### EXERCISE DETAILS
Images do not belong in the copy. Retype all the entries below exactly.

### DATASET EXTRACT
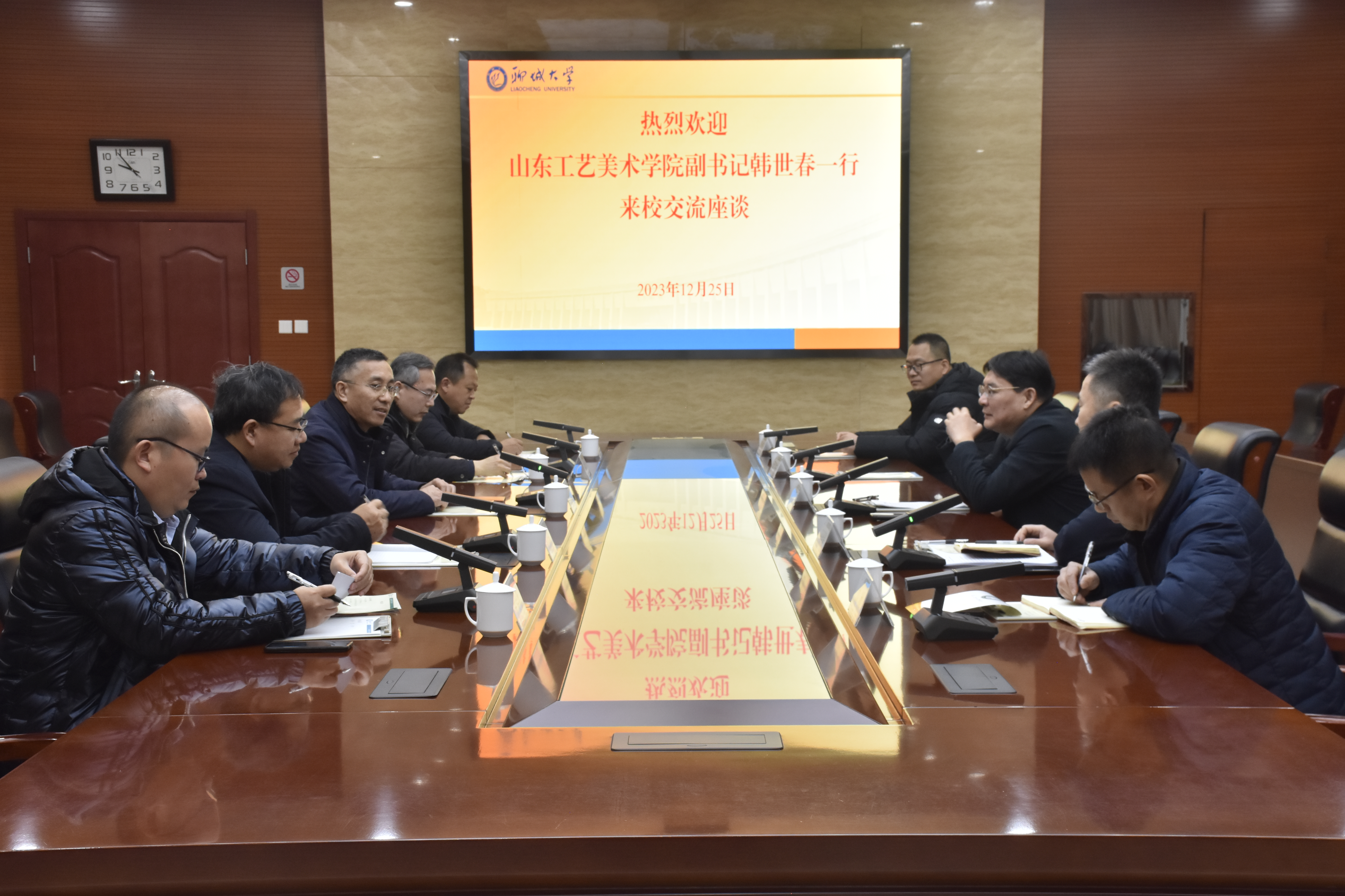 12月25日上午,山东工艺美术学院党委副书记韩世春一行5人来访,我校党委书记关延平,校党委常委、副校长白青与客人座谈交流。
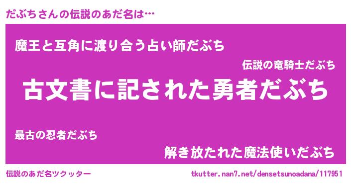 | 意味不明あだ名 | 『永久保存だぶち』『ペロリンだぶち』 |
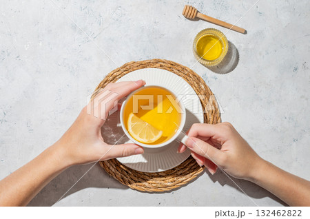 Hand holding cup of hot tea with lemon and honey on a white textured background with shadows.
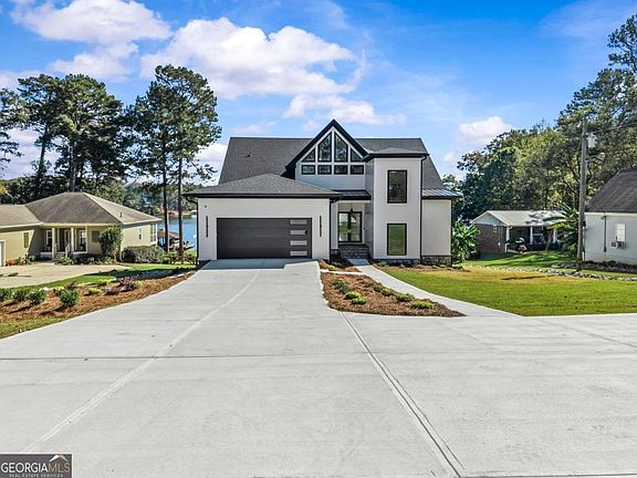 Welcome to 1089B Crooked Creek Road. Discover the perfect blend of modern luxury and timeless design in the new lakefront construction masterpiece on the coveted shores of Lake Sinclair. This expansive 5 bedroom, 5 full bath, 1 half bath home is thoughtfully designed for effortless entertaining and relaxed everyday living. Step inside to soaring 28 ft vaulted ceiling in Great room showcasing meticulous craftmanship at every turn--wooden beams, custom tiled fireplace, custom cabinetry, modern lighting and full wet bar. Main level features a serene primary suite w/ fireplace, extra large shower, soaking tub and walk in closet w/ custom shelving. Loft level offers 2 additional bedrooms with 12 ft ceilings, ensuite baths, closets w/ custom shelving and generous finished space. Terrace level features a large family room w/ 10 ft ceilings, wet bar w/ full refrigerator, laundry room and 2 additional bedrooms with expansive lake views. Open concept layout seamlessly connects the gourmet kitchen, living and dining areas, all adorned with modern fixtures and designer finishes. Outdoors your private resort style oasis awaits. Relax on the covered porch overlooking beautifully landscaped grounds. The new max boathouse and seawall make boating, fishing, and lake days effortless. Perfectly situated minutes from Crooked Creek Marina, this home offers and unbeatable location and lifestyle. Whether you are searching for an extraordinary primary residence or a remarkable second home investment in the rapidly growing Lake Sinclair market, this property checks all the boxes. Home also features a 3 story elevator for convenience. Schedule your private tour today and experience lake living redefined. Owner is Licensed Real Estate Agent in Georgia.
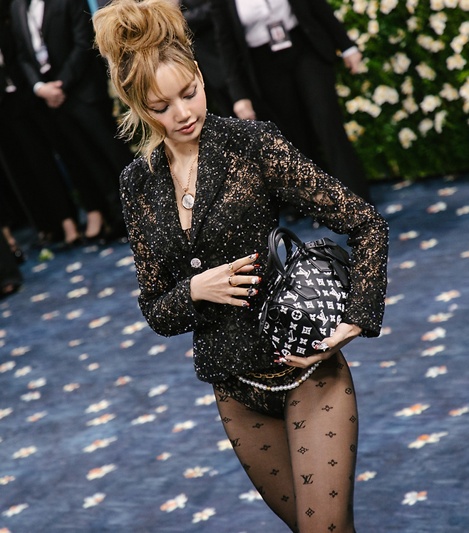 하의는 과감히 생략하고 모노그램 스타킹을 매치한 팬츠리스룩으로 관능적인 매력을 발산하며 월드클래스의 위엄을 뽐냈다.
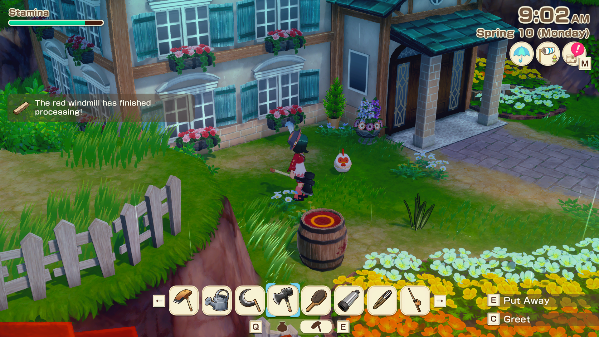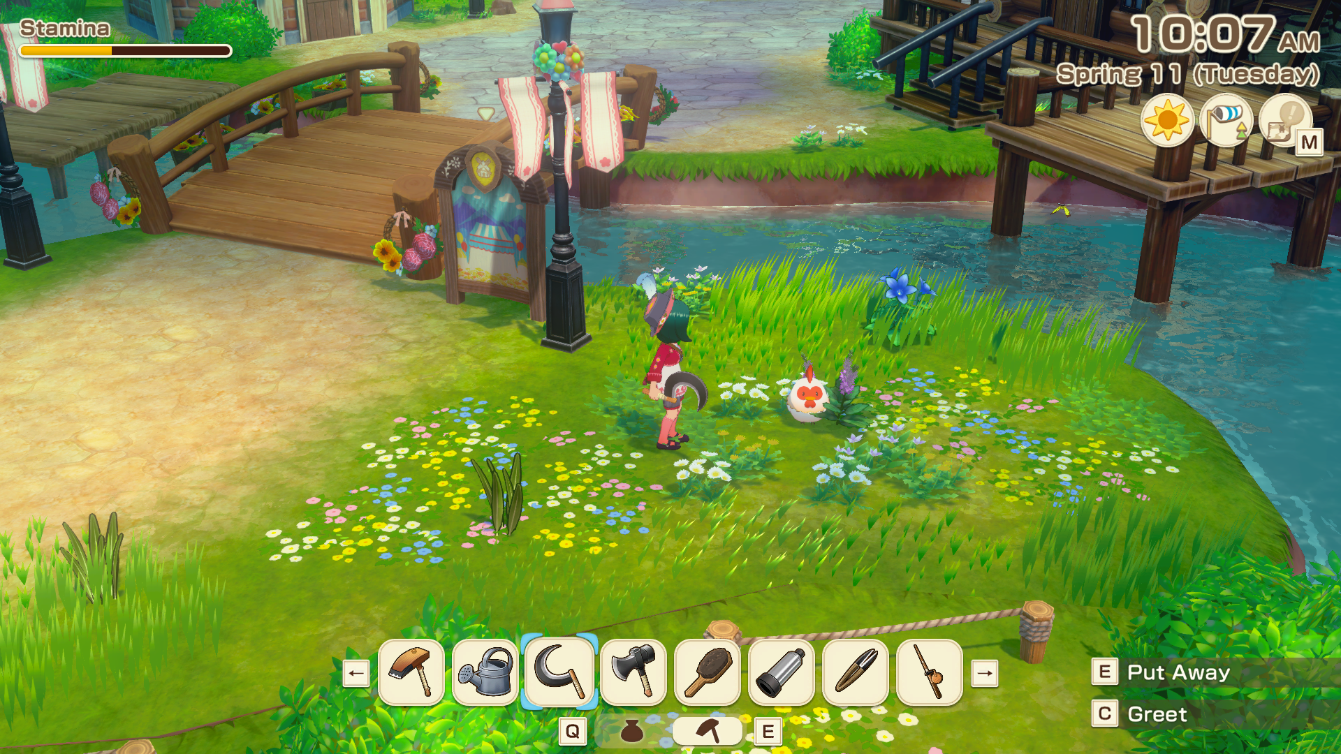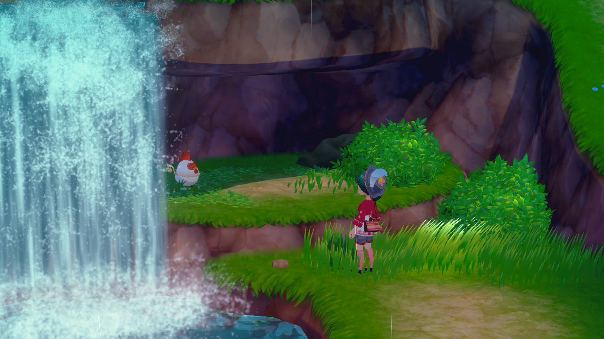 The initial chicken can be spotted at the waterfall, located to your left as you depart your farm and head into the town. It’s situated close to the large body of water on the western side.
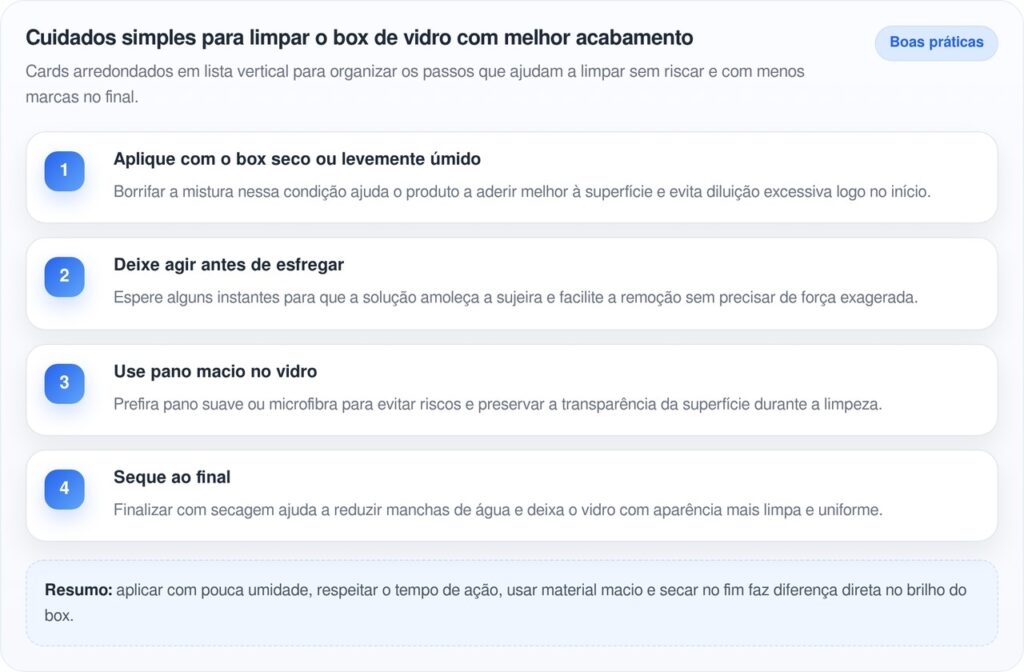 O principal motivo é a praticidade. Em vez de espalhar vários produtos diferentes, a pessoa usa uma solução simples, aplica diretamente no box e deixa agir por alguns minutos antes de esfregar. Isso reduz o esforço inicial e ajuda a distribuir melhor o produto em áreas amplas, como portas de vidro e painéis fixos.

### RESPONSE AREA
 12月25日上午,山东工艺美术学院党委副书记韩世春一行5人来访,我校党委书记关延平,校党委常委、副校长白青与客人座谈交流。
 | 意味不明あだ名 | 『永久保存だぶち』『ペロリンだぶち』 |
 Hand holding cup of hot tea with lemon and honey on a white textured background with shadows.
 Welcome to 1089B Crooked Creek Road. Discover the perfect blend of modern luxury and timeless design in the new lakefront construction masterpiece on the coveted shores of Lake Sinclair. This expansive 5 bedroom, 5 full bath, 1 half bath home is thoughtfully designed for effortless entertaining and relaxed everyday living. Step inside to soaring 28 ft vaulted ceiling in Great room showcasing meticulous craftmanship at every turn--wooden beams, custom tiled fireplace, custom cabinetry, modern lighting and full wet bar. Main level features a serene primary suite w/ fireplace, extra large shower, soaking tub and walk in closet w/ custom shelving. Loft level offers 2 additional bedrooms with 12 ft ceilings, ensuite baths, closets w/ custom shelving and generous finished space. Terrace level features a large family room w/ 10 ft ceilings, wet bar w/ full refrigerator, laundry room and 2 additional bedrooms with expansive lake views. Open concept layout seamlessly connects the gourmet kitchen, living and dining areas, all adorned with modern fixtures and designer finishes. Outdoors your private resort style oasis awaits. Relax on the covered porch overlooking beautifully landscaped grounds. The new max boathouse and seawall make boating, fishing, and lake days effortless. Perfectly situated minutes from Crooked Creek Marina, this home offers and unbeatable location and lifestyle. Whether you are searching for an extraordinary primary residence or a remarkable second home investment in the rapidly growing Lake Sinclair market, this property checks all the boxes. Home also features a 3 story elevator for convenience. Schedule your private tour today and experience lake living redefined. Owner is Licensed Real Estate Agent in Georgia.
 하의는 과감히 생략하고 모노그램 스타킹을 매치한 팬츠리스룩으로 관능적인 매력을 발산하며 월드클래스의 위엄을 뽐냈다.
 The initial chicken can be spotted at the waterfall, located to your left as you depart your farm and head into the town. It’s situated close to the large body of water on the western side.
 O principal motivo é a praticidade. Em vez de espalhar vários produtos diferentes, a pessoa usa uma solução simples, aplica diretamente no box e deixa agir por alguns minutos antes de esfregar. Isso reduz o esforço inicial e ajuda a distribuir melhor o produto em áreas amplas, como portas de vidro e painéis fixos.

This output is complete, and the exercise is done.